Trilha Sonora A trilha sonora de Neon City funciona como uma extensão psicológica da devastação ambiental apresentada pelo filme. Composta por Stephen Graziano, a identidade sonora da obra utiliza sintetizadores atmosféricos, drones eletrônicos contínuos, texturas industriais e temas minimalistas para ampliar a sensação de isolamento humano, decadência civilizacional e paranoia pós-apocalíptica. Diferente de trilhas heroicas típicas da ficção científica comercial do período, Neon City opta por uma abordagem melancólica e contemplativa, aproximando-se muito mais do cinema distópico europeu e do imaginário sonoro cyberpunk surgido após Blade Runner. O filme utiliza silêncio, reverberações metálicas e ambientações sintéticas como ferramentas narrativas para transmitir desgaste emocional e colapso social. Em diversos momentos, a música surge de forma quase fantasmagórica, reforçando o vazio das paisagens radioativas e o sentimento de deslocamento existencial vivido pelos personagens. A composição sonora evita excessos orquestrais e aposta em repetição temática, pulsação eletrônica lenta e camadas sonoras frias que dialogam diretamente com o visual árido da produção. A trilha transforma a viagem rumo à Neon City numa experiência sensorial opressiva, onde som e imagem trabalham juntos para criar uma atmosfera de sobrevivência desesperada e constante tensão psicológica.

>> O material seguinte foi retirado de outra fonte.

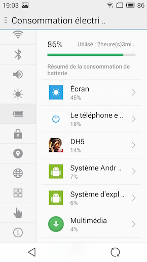 L'interface du mobile est ici la même que sur le MX4 Pro, testé dans nos colonnes à la fin du mois de février. Vous y retrouvez FlymeOS en version 4.2, basé sur Android KitKat 4.4.4. Pour un point complet sur cette version, nous vous conseillons la lecture des tests du MX4 et du MX4 Pro. Très peu de différences à noter sur ce M1 Note, outre l'absence inexplicable de SmartTouch, ce petit bouton virtuel bien pratique et repositionnable offrant des raccourcis vers quelques applications (et surtout un moyen de revenir en arrière quand aucune touche logicielle n'est proposée). Nous remarquons que quelques menus ont été francisés. Mais pas tous.

Composição Musical Stephen Graziano — compositor principal da trilha original, responsável pela construção eletrônica atmosférica e pelas ambientações minimalistas utilizadas ao longo do filme. A composição musical privilegia sintetizadores, drones eletrônicos e texturas industriais associadas ao sci-fi pós-apocalíptico do início dos anos 1990.
Artistas e Bandas Stephen Graziano, músicos eletrônicos de estúdio associados à produção televisiva canadense do início dos anos 1990, equipe instrumental de ambientação sintética não creditada individualmente.
Estilo Musical Ambient eletrônico, synth dystópico, industrial minimalista, sci-fi atmosférico, dark ambient pós-apocalíptico, texturas eletrônicas radioativas, pulsação synthwave melancólica.
Curiosidades Musicais A trilha de Neon City ganhou reconhecimento cult posterior principalmente entre admiradores de ficção científica pós-apocalíptica em VHS e cinema cyberpunk de baixo orçamento dos anos 1990. Embora nunca tenha recebido lançamento comercial de grande circulação em LP ou CD, a composição de Stephen Graziano passou a ser associada ao tipo de ambientação eletrônica melancólica frequentemente comparada às influências deixadas por Blade Runner e pelas trilhas sintetizadas de produções exploitation futuristas do período. O uso constante de drones eletrônicos e silêncio ambiental tornou-se um dos elementos mais lembrados por espectadores cult do filme.